I'm not sure how many of these "greased" statutes get passed every year; I'm guessing its a fair number. There's a much more clear basis to challenge them now, and a reasonable threshold for proof.

Thursday, September 06, 2007

Fla Supremes Make REALLY Sure We'll Have Lots of Special Assessments - No Bonds for TIFs w/out Referendum

In my "local government law" class in law school - and in studying for the bar - I learned that you can't pledge ad valorem tax revenues for bonds without a referendum. I also learned the exception - you could pledge TIF revenues or combinations of revenues, so long as the core "ad valorem" taxing power was not implicated in the pledge.

Not any more. In Strand v. Escambia County, the Florida Supreme Court drove a stake into the heart of the Miami Beach case that established the "TIF exception" and loosed an arrow (not yet struck) into the "combination of revenues" exception established in the Sarasota County School Board case.

Not surprisingly, a local government had taken the TIF exception (carved out for CRA type improvements) to an extreme, funding a major road improvement ($135M) for Perdido Key solely from TIF-backed bonds. The TIF "area" is the "Southwest Escambia County Improvement District"-- which does NOT appear anywhere in the opinion as an MSTU/MSBU; instead it appears that the County tried to use its home rule powers to simply create a TIF-type area from whole cloth to segregate general-fund ad valorem tax dollars into the bond payments. [I'm sure I'll here from the principles if I've got this wrong or if the Court missed it.] The Court invalidated the bonds as being in violation of Article VII, s. 12.

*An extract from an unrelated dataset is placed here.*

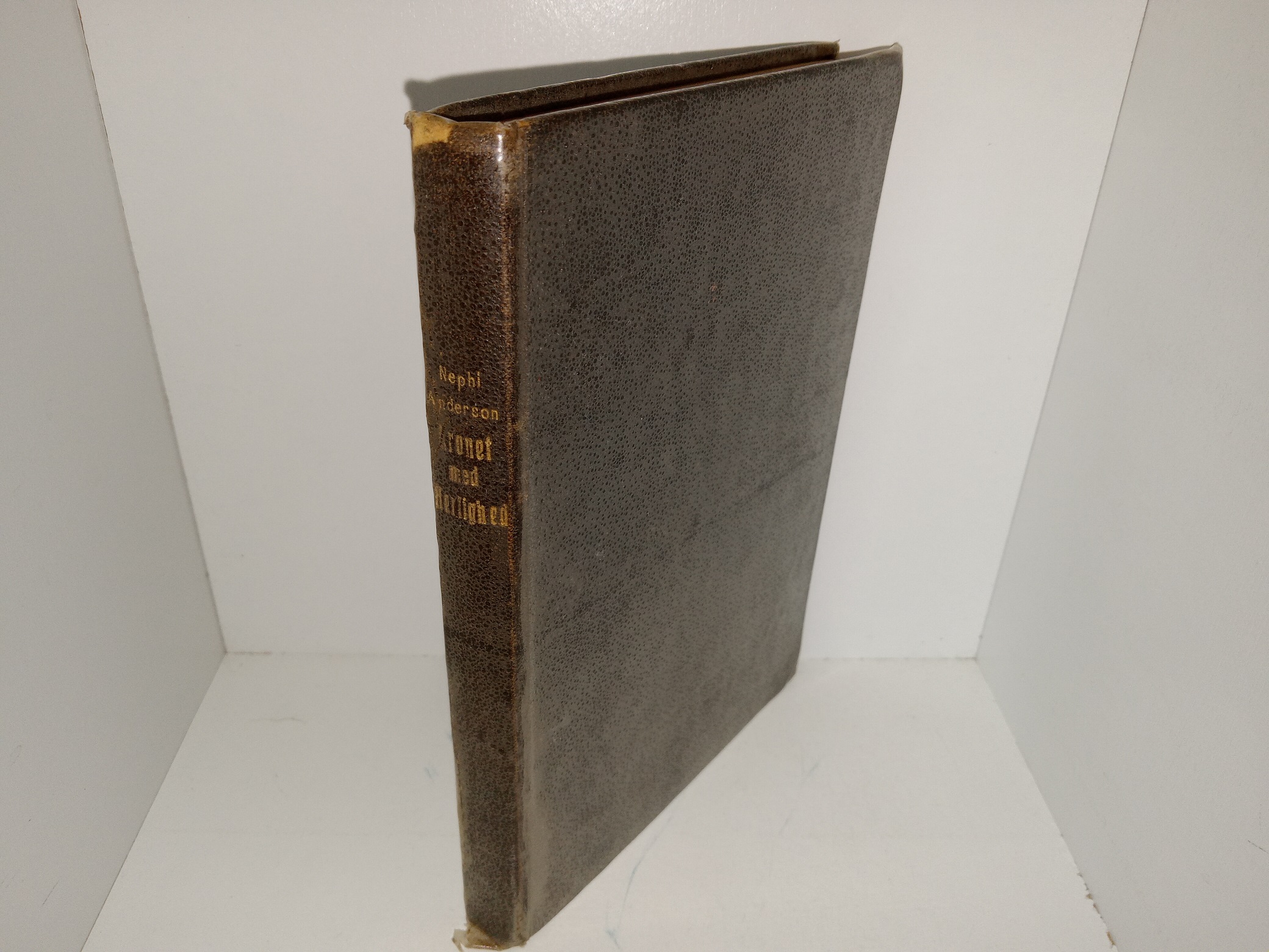 Fair condition, dark gray hardcover with a laminated cover. The cover also has scuffing, some crushed corners, and some small tears. Both inside covers have ink stamps. The title page has some marks and writing in pen, and the top margins has been cut out and is missing. The internal binding is torn and a bit loose. The following page has writing in pencil. Some pages have stains, yellowing, small tears, or creases.

The Court did a very scholarly job of reviewing the bad history of ad valorem-backed bonds in Florida and the two main "exception" cases. It also discussed (cogently) the Volusia County case that held that the County couldn't pledge a hodge podge of non-ad volorem revenues to back a bond if it appeared that the county might have to raise ad valorem taxes to replace the pledged revenues. The Court concluded that the Miami Beach and Sarasota School Board cases went too far and reeled them back in.

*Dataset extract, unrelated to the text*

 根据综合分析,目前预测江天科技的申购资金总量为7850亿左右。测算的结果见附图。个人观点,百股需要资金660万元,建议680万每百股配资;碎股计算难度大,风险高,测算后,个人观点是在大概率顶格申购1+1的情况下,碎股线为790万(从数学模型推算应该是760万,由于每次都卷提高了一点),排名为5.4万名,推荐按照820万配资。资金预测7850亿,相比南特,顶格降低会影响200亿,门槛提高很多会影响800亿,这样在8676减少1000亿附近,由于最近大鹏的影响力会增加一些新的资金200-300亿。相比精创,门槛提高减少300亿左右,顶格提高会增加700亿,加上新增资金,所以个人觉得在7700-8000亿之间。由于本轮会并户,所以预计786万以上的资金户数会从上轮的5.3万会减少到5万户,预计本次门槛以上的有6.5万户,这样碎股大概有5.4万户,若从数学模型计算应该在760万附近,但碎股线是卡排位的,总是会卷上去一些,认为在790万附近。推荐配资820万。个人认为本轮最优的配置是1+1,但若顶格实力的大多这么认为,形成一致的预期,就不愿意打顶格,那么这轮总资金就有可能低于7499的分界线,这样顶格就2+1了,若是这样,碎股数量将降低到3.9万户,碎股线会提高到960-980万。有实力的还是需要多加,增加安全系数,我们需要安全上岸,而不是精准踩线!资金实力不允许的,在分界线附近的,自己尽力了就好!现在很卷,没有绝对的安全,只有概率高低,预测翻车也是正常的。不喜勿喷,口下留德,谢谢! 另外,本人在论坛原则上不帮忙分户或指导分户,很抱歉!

So, in the span of two weeks we find out that local governments get huge discretion to issue bonds backed by special assessments and have little or no discretion to issue bonds backed by ANY kind of ad valorem revenues. Two results are pretty much automatic:

1) HEELLLOOOO MSTUs and Special Districts with special assessments. I'm guessing we'll see lots and lots of these because its the only way left to raise funds to pay for infrastructure.

[Well, maybe we won't see so many in the short run. After over 25 years of Republican preaching about "no new taxes" and government waste, the citizenry thinks that it can get better roads and other infrastructure for free. It's all new development's fault, just use impact fees to do it, and if they don't work, screw around with concurrency to create moratoria and then make them pay for everything just to be able to do anything. In that climate, we probably won't see cities and counties establishing responsible ways to pay for infrastructure until they lose a few major cases.]

2) Bye, bye CRAs!!! No bonding for TIF revenues from CRAs, so why bother - straight into special assessment districts. First they lose the power to condemn for redevelopment, and now they lose the ability to bond TIF dollars - the two useful functions of CRAs are now pretty much toast.